We developed a technique to bin CRISPR spacers based on trinucleotide content so that spacers targeting similar viruses would be grouped together. We chose such a technique because depending on the characteristics of the data set, similar spacers that harbor multiple polymorphisms could be binned together without setting an arbitrary similarity cutoff. When binning spacers based on trinucleotide content, those spacers that differ by a single polymorphism or indel (insertion or deletion) will have similar trinucleotide content differences. We validated the technique by generating sets of 5000 random spacer sequences. Then using these spacer data sets, we took a single spacer and created random mutations along its length.
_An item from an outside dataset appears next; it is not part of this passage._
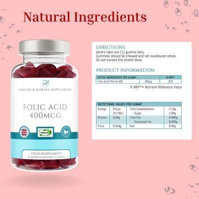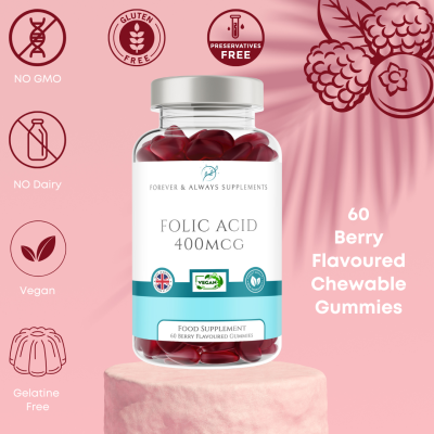Folic Acid 400μg – 60 Natural Berry Flavour Gummies
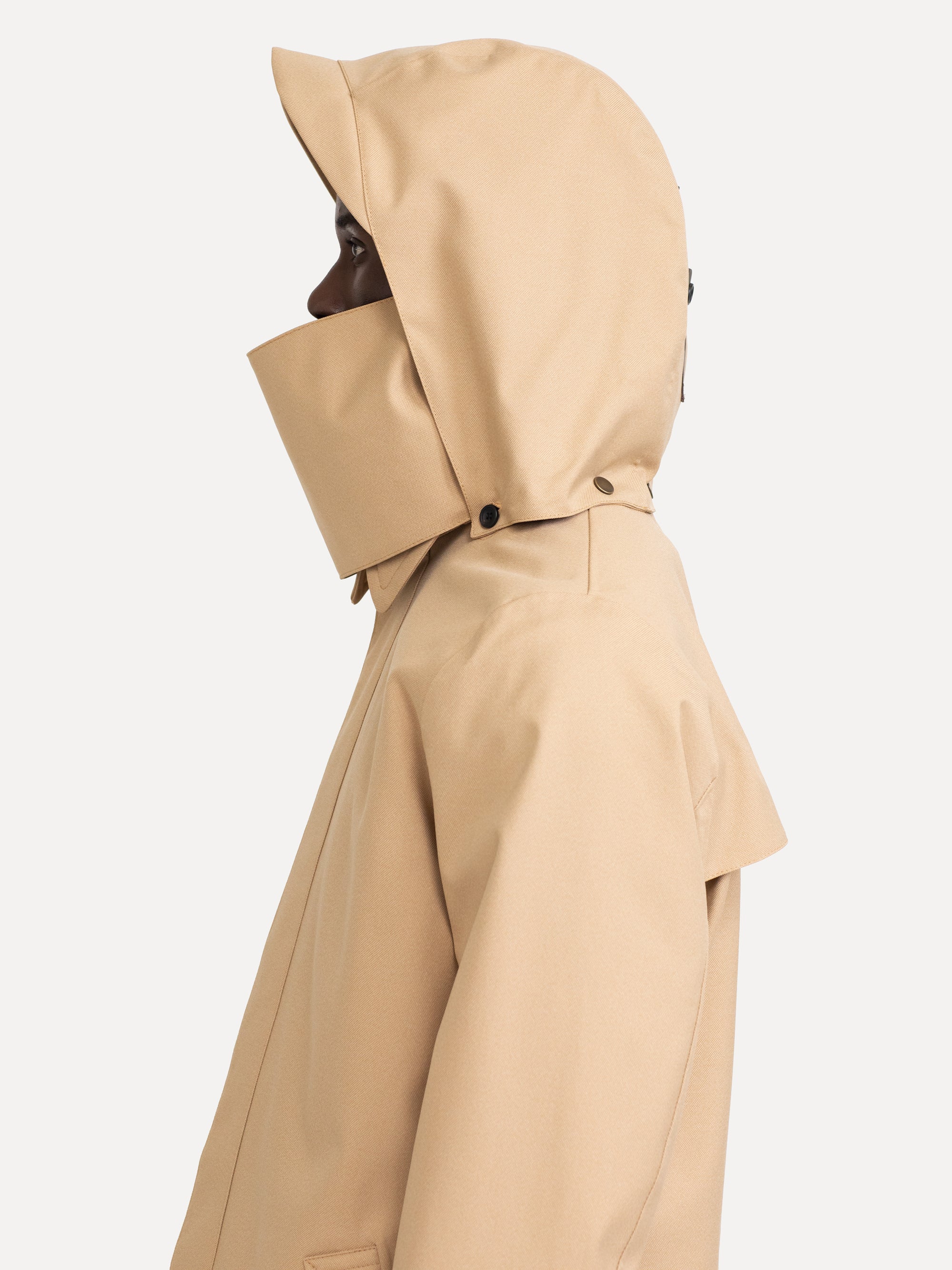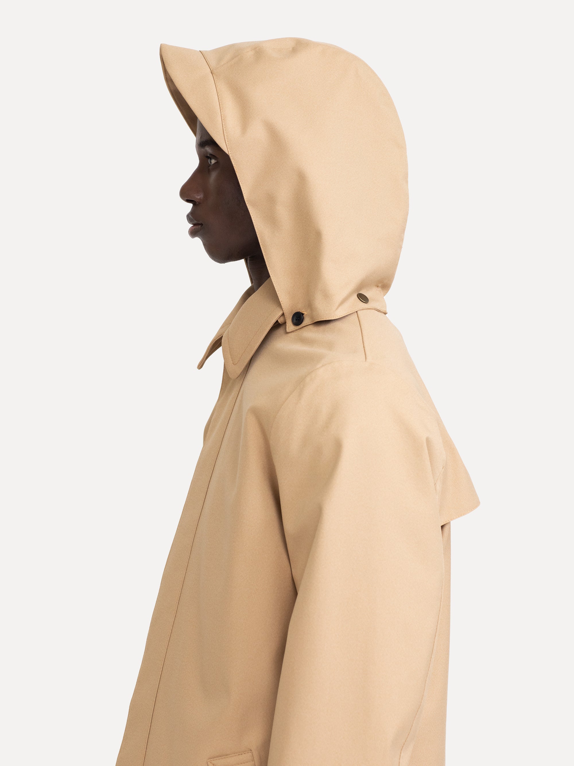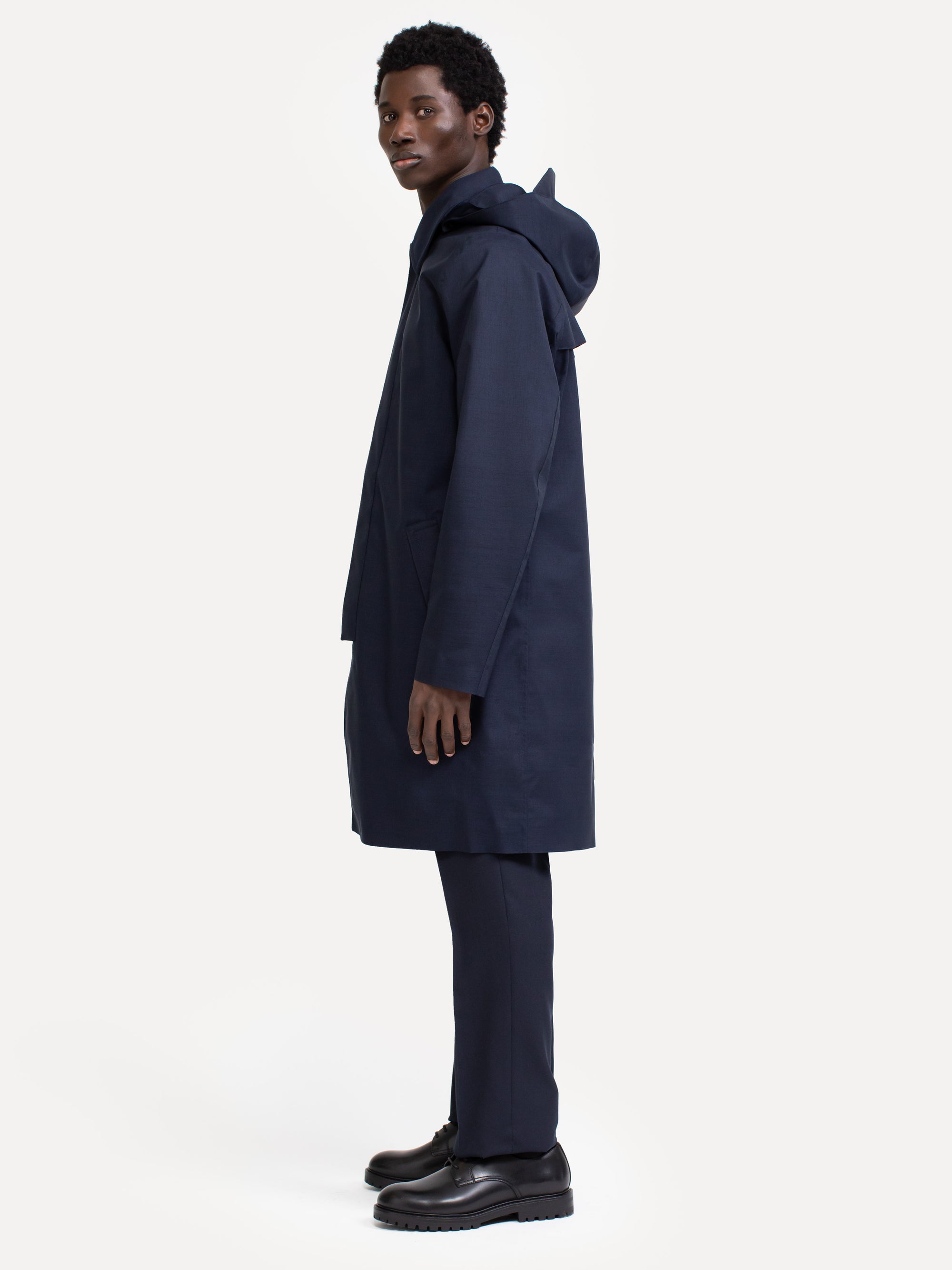 A quest for a reasonably priced long garment led to this stylistic coat. It’s stripped of all ornaments and its simple form exudes a lean elegant silhouette. Clean cut, fully waterproof and versatile.

We introduced 10, 100 or 500 mutated spacers to the random spacer data set, and then tested whether the technique could group these mutated spacers into a single spacer group. When a single polymorphism or indel was introduced, the mutated spacers were always binned together in a single spacer group regardless of the number of mutated spacers that were introduced (Table 4). Similar results were also produced when we introduced two polymorphisms or indels. The technique was less robust when three or four polymorphisms or indels were introduced, with the mutated spacers forming more than a single spacer group. Although the spacers formed more groups when more than two polymorphisms were introduced, these groups were always populated only by other mutated spacers.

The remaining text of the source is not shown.